Azharuddin Mohammed Ismail & Ayush Mahesh Khedakar

But the film's real scene stealing stars are it's charming, funny and engaging child actors. Hiring real slum dwelling kids to basically play versions of themselves works wonderfully, as they are natural performers who impress us with their resilience, intelligence and resourcefulness as they try to survive in a tough, adult world that usually either ignores or exploits them.   I love the way we see little Jamal(Ayush Mahesh Khedakar)  become an inadvertent guide at the Taj Mahal, making up stories as he goes, and I even like the silly gross out scene in which he literally wades through an out house to get a movie star's  autograph.  I like the kids in this movie so much, that I think the film really loses something in the latter parts when they grow up and the story moves away from being a homage to the survivor instincts of children and becomes more of a standard "lovers in danger" story.

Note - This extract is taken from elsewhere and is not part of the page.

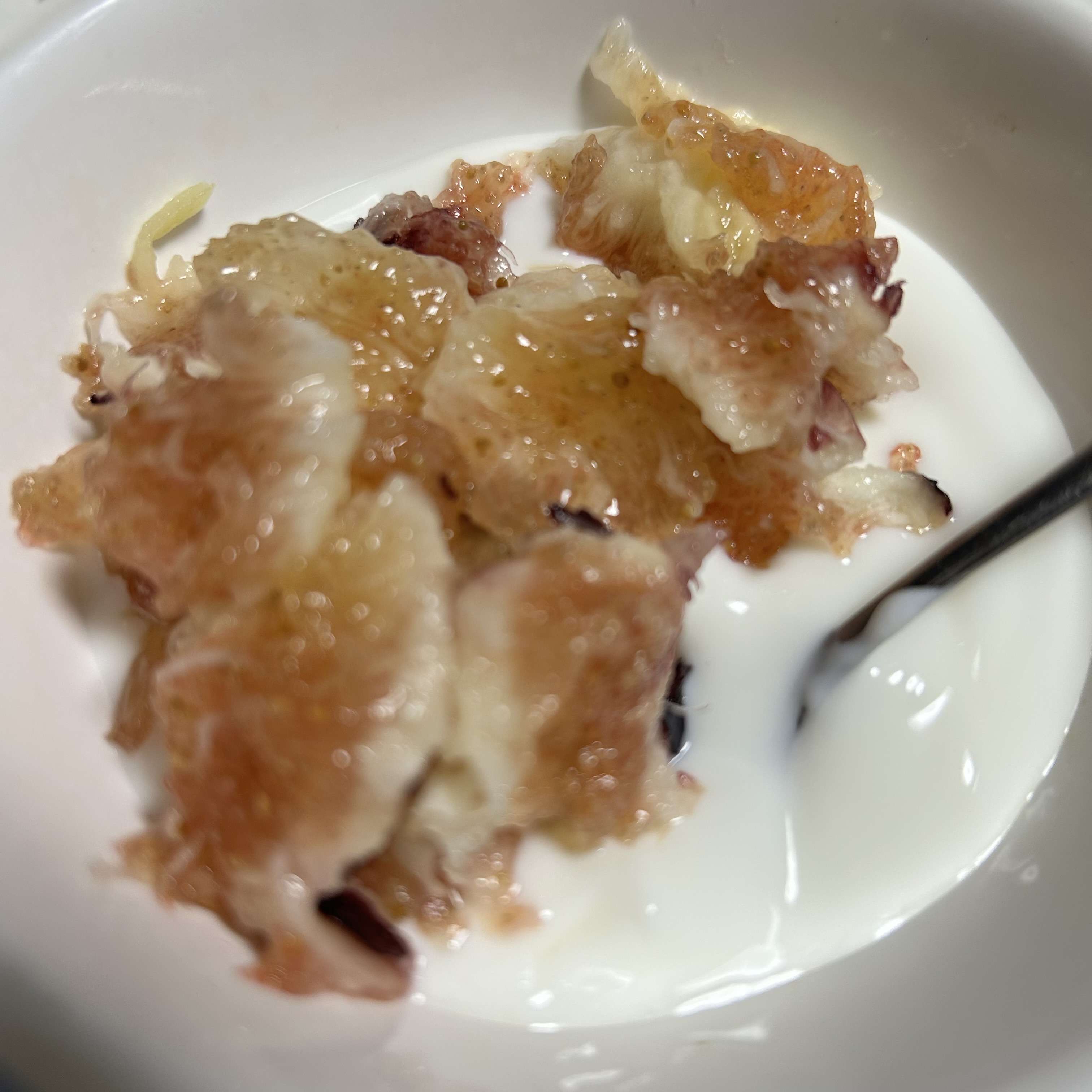 ちょうど夕飯時間だったので、食後のヨーグルトに入れました。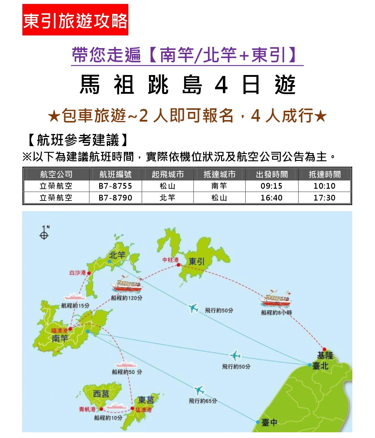 松山出發 → 馬祖4天包車遊~4人同行優惠價$16900/人

There has been some criticism of this film's attitude towards the slum kids, with some Indians feeling that it exaggerated the worst aspects of Indian's impoverished, while others have taken exception with the film's upbeat ending; it is, perhaps, a bit odd that a film that can feature a moment as harrowing as a small child being blinded could end with a classic happy "love conquers all" kind of ending(complete with a great, feel good dance number in a train station).  Speaking as someone who's never been to India, I have to say that the tone of the film doesn't bother me, because, despite the modern locations, this story is essentially a fairy tale, a fact that its many stylized moments makes clear.  Is it, say,  believable that Jamal could possibly track down Latika in a city as big as Mumbai?  Not at all, but in the context of the film, it works.  The movie's theme, stated more than once, is "it is written", implying that Jamal's rise from poor orphan to wealthy celebrity is fated, and, not unlike a character out of a  Charles Dickens novel, his happy ending, after much trial and tribulation,  is inevitable.  It can also be related to the idea of karma, with Jamal, who has strived to be a good person, being rewarded while his brother Salim, who is a criminal, and who has often mistreated Jamal, getting his just deserts by dying in a hail of bullets at the exact moment that Jamal wins on the game show (although there clearly is some redemption for Salim as well, because he dies freeing Latika).  So, while I can understand why some people in India may be bothered by the film's portrayal of their homeland as slum ridden and violent, I imagine most audiences will not take the story as some kind of serious document of modern day India and just enjoy it for what it is.


While I'd be tempted to give the best picture award to Gus Van Sant's excellent MILK, which charts the rise of the modern gay rights movement and features a great performance by Sean Penn, or to Pixar's delightful WALL-E, SLUMDOG MILLIONAIRE is so stylish and entertaining to watch that I won't argue with the Academy much.